Так он и знал. Ровно за месяц до положенного срока началось. Допрыгалась в хороводах с чужими детишками в садике и доездилась за Дон на могилу, в которой была похоронена то ли ее сестра, то ли еще какая-то другая цыганка.
И фельдшерицы, как водится, не оказалось на месте, уехала на машине с красными крестами в Семикаракоры отметить сорок дней по двоюродной тетке. Когда Михаил через полчаса подъехал домой на своем самосвале и, взбежав на крыльцо, рывком открыл дверь, Настя уже корчилась в темной луже на крашеном полу в зале их премиального коттеджа для молодоженов.
А вокруг не было ни души, хоть кричи. Полуночная мгла стеной обступила поселок. Даже уличные фонари не разбавляли, а лишь прокалывали ее как точечками булавок. Лишь одно серебристо-матовое облачко зависло над самым центром поселка, над новой столовой конезавода, где, должно быть, еще с вечера засиделся генерал Стрепетов со своими фронтовыми друзьями, которые всегда съезжались к нему в это время года.
И, уже отъехав от поселка, еще раз оглянулся Михаил на это призрачное облачко, реющее над темной степью, подумав, что вот теперь они там, конечно, сидят в тепле вокруг столиков, сдвинутых буквой П под большой люстрой, сверкая золотом и серебром своих наград, и никак не могут наговориться о том, о чем им, должно быть, хватило бы говорить не на одну ночь. Особенно под этот упорный мелкий дождь, который тоже, видно, зарядил на всю ночь, а может, и больше.
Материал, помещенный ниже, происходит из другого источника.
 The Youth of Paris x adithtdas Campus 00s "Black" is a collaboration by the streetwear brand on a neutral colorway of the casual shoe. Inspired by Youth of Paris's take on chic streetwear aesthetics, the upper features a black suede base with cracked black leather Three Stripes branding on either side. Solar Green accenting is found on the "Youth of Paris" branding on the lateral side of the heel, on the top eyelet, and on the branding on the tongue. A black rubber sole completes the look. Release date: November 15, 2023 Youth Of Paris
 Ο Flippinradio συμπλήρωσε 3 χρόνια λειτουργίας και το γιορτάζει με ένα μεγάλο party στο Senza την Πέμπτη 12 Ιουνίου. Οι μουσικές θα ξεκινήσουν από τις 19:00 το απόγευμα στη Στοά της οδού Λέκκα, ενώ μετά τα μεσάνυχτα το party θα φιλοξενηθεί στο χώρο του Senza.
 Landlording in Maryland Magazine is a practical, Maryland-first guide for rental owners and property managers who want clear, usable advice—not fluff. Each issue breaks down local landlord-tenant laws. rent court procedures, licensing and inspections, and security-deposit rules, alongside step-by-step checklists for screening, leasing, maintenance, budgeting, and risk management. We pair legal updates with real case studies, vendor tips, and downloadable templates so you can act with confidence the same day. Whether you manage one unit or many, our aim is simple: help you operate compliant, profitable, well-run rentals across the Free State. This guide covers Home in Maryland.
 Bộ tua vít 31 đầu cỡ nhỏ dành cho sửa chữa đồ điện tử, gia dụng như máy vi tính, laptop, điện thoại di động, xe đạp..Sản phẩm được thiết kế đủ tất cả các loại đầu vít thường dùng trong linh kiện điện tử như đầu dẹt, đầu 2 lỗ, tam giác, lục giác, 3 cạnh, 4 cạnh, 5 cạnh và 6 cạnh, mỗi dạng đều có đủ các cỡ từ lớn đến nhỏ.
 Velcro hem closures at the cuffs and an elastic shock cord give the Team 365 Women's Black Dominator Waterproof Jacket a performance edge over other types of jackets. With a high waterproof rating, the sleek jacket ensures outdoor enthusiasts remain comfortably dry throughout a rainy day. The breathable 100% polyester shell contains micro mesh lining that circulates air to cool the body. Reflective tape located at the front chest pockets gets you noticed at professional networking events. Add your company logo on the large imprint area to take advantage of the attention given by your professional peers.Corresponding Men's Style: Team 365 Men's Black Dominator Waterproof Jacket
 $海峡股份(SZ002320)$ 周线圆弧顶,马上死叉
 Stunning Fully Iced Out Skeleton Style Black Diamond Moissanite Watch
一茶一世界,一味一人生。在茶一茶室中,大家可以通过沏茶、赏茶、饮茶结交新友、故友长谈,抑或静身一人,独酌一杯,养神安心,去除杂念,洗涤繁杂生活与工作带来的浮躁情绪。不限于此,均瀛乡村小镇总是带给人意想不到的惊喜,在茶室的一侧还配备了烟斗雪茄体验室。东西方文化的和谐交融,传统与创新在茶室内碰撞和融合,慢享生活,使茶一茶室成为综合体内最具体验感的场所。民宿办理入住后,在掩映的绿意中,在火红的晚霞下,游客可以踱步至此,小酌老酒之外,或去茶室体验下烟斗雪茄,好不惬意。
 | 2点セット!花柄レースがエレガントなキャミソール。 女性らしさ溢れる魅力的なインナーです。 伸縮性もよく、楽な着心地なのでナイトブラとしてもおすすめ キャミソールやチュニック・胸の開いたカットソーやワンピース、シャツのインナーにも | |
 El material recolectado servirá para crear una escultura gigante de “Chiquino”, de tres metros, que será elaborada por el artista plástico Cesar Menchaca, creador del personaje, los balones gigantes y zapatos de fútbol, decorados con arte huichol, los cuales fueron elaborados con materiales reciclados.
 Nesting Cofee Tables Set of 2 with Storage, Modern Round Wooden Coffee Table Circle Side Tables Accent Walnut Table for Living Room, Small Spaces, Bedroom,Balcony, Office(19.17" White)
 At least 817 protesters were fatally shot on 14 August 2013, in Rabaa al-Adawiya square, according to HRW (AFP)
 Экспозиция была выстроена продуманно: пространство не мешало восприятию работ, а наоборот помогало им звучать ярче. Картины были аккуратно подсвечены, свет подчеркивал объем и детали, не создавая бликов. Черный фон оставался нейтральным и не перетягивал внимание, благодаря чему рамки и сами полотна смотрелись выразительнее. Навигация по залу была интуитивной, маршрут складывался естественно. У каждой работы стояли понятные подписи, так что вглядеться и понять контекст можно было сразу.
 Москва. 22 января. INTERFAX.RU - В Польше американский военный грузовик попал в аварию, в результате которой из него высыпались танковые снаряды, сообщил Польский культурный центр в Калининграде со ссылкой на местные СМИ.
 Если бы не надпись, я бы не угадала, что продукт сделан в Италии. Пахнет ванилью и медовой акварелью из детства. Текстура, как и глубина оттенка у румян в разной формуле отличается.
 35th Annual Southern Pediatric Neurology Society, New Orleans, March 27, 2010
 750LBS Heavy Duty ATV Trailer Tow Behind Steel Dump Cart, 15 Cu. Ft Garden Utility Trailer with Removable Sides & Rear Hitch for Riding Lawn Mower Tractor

Во всяком случае, Михаилу со своим прильнувшим к его плечу грузом все время надо было быть на скользкой дороге начеку, чтобы на повороте или на ухабе руль вдруг не вырвался из-под его власти и самосвал не сполз в кювет, из которого потом совсем не просто будет выбраться без посторонней помощи в этой глухой степи.
Но даже и на самых нежных рессорах машины с красными крестами никому бы не удалось везти этот груз так мягко, как вез его Михаил в кабине своего самосвала, несмотря на то, что ему нужно было, выворачивая одной рукой тяжелые колеса, успевать другой переключать скорости и поддерживать притулившуюся к его плечу Настю, чтобы она тоже не сползла с сиденья на пол кабины. После он и сам удивлялся, как ему удавалось со всем этим справляться.
Сквозь рев мотора глухо пробивались стоны Насти. Она лежала на плече у Михаила, как тяжелая каменная плита.
— Потерпи, девочка, еще немного, — увидев в зеркальце ее желтое, с закрытыми глазами и с закушенными губами лицо, дрогнувшим голосом сказал Михаил.
Вдруг он увидел в зеркальце, подпрыгивающем перед его глазами в кабине, как она открыла веки и, приподнимая с его плеча голову, пошевелила распухшими губами.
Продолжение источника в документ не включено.